THP-1 cells (5 × 10⁵ cells/well) were seeded in 24 well plates and incubated for 24 hm then treated with LPS to induce the secretion of inflammatory related cytokines (TNF-α, IL-1β, and IL-10) or treated with LPS+EPS for 48 h. After incubation, the concentrations of TNF-α, IL-1β, and IL-10 in the culture medium were determined using DuoSet ELISA kits (TNF-α kits, Catalog #KE0068, Proteintech, Rosemont, IL, USA; IL-1β kits, Catalog #RAB0273, Sigma-Aldrich, Steinheim, Germany; IL-10 kits, Catalog #DY217B-05, R&D Systems, Minneapolis, MI, USA) according to the manufacturer’s instructions.

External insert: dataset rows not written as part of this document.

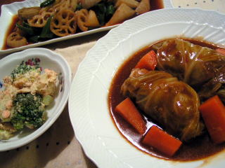 今日はかなり冷え込んだので、キッチンも暖かくなる煮込みモノに。ルク鍋でシチューのように煮込んだロールキャベツです。コンソメスープで軽く煮込んだ後、デミグラスソースの缶詰とトマトペーストを加えて、さらにコトコト煮ることおよそ1時間。シチューのようなロールキャベツの出来上がり♪お肉はもちろんですが、これは味がしみてとろ~んとなったキャベツが美味!葉物野菜はめったに食べない偏食娘もこのキャベツはモグモグ食べてました。サラダはゆでたじゃがいもとブロッコリーを、焼いてほぐした塩鮭入りごまマヨネーズで和えたもの。うちに帰ってから15分で作れる晩ごはんのレシピです。もう1品は、Yomeカフェレシピのれんこんのカレー浸しを参考に、素揚げしたれんこん、ピーマン、大根を揚げ浸しにしたもの。意外ですが、大根は素揚げすると甘くておいしいんです普段は揚げ浸しといえば、めんつゆに漬けることが多いのですが、ウスターソースやケチャップベースの洋風の揚げ浸しもなかなかでしたうちに帰ってから15分でおいしい晩ごはんYomeカフェレシピ
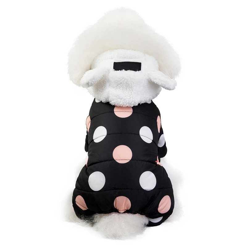 Куртка с принтом в горошек для маленьких собак, одежда для домашних животных, зимняя Толстовка для собак, комбинезон, одежда, симпатичное флисовое пальто с хлопковой подкладкой и ушками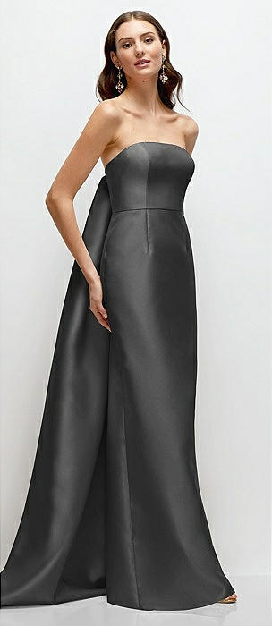 Strapless Satin Column Dress with Removeable Watteau Train in pewter

3.4.4. Western Blot Analysis

After treatment with LPS and EPS-LM-1, the THP-1 cells were harvested and washed with cold phosphate-buffered saline (pH 7.4). The total cytoplasmic protein (for the detection of NF- κB, IκBα) was extracted from the cells using the ice-cold cell lysis reagent (Catalog # R0278, Sigma-Aldrich, Germany), and β-actin was included as an internal reference. The protein content in the supernatant was determined using the BCA protein assay kit (Catalog #23225, Thermo, Rockford, IL, USA). An equivalent amount of lysate protein (20 μg per lane) was separated by 10% SDS-PAGE and transferred to a polyvinylidene difluoride membrane. The membrane was blotted with 5% (w/v) skimmed milk, and the blots were incubated with specific primary antibodies overnight at 4 °C, followed by incubation with horseradish peroxidase-conjugated secondary antibody. Finally, the blots were probed using enhanced chemiluminescence and autoradiographed.

3.5. Statistical Analysis

All data were expressed as the mean ± standard deviation (SD) from at least triplicate experiments (n ≥ 3). Statistical analysis was performed using SPSS v.16.0 for Windows (SPSS Inc., Chicago, IL, USA). The independent-samples Student test was performed for comparison of the differences among the treatment groups.

4. Conclusions

In the present study, a highly active polysaccharide EPS-LM-1 with a homogenous MW of 360 kDa was isolated and purified from the crude exopolysaccharide (EPS) produced by Cs-HK1 mycelial fermentation. EPS-LM-1 was a heteropolysaccharide composed of glucose, mannose, and galactose residues in the main chain and a galactose residue in the side chain. It showed remarkable activity against the LPS-induced activation of the NF-κB pathway and the related inflammatory responses in THP-1 cells. The inhibiting effects were very potent with minimum effective concentrations as low as 2–5 µg/mL on some major pro-inflammatory factors including NF-κB, NO, and IL-1β. The modulation of the NF-κB signaling pathways by inhibiting the phosphorylation of IκBα was detected as a possible route for these in vitro anti-inflammatory effects of EPS-LM-1. The results from the present study are encouraging for further research and development of the Cs-HK1 EPS as new therapeutics for the treatment of inflammation-related diseases. It is worthwhile to further characterize the molecular structure of EPS-LM-1 and to investigate the structure-activity relationship, as well as the anti-inflammatory effects of action in animal models.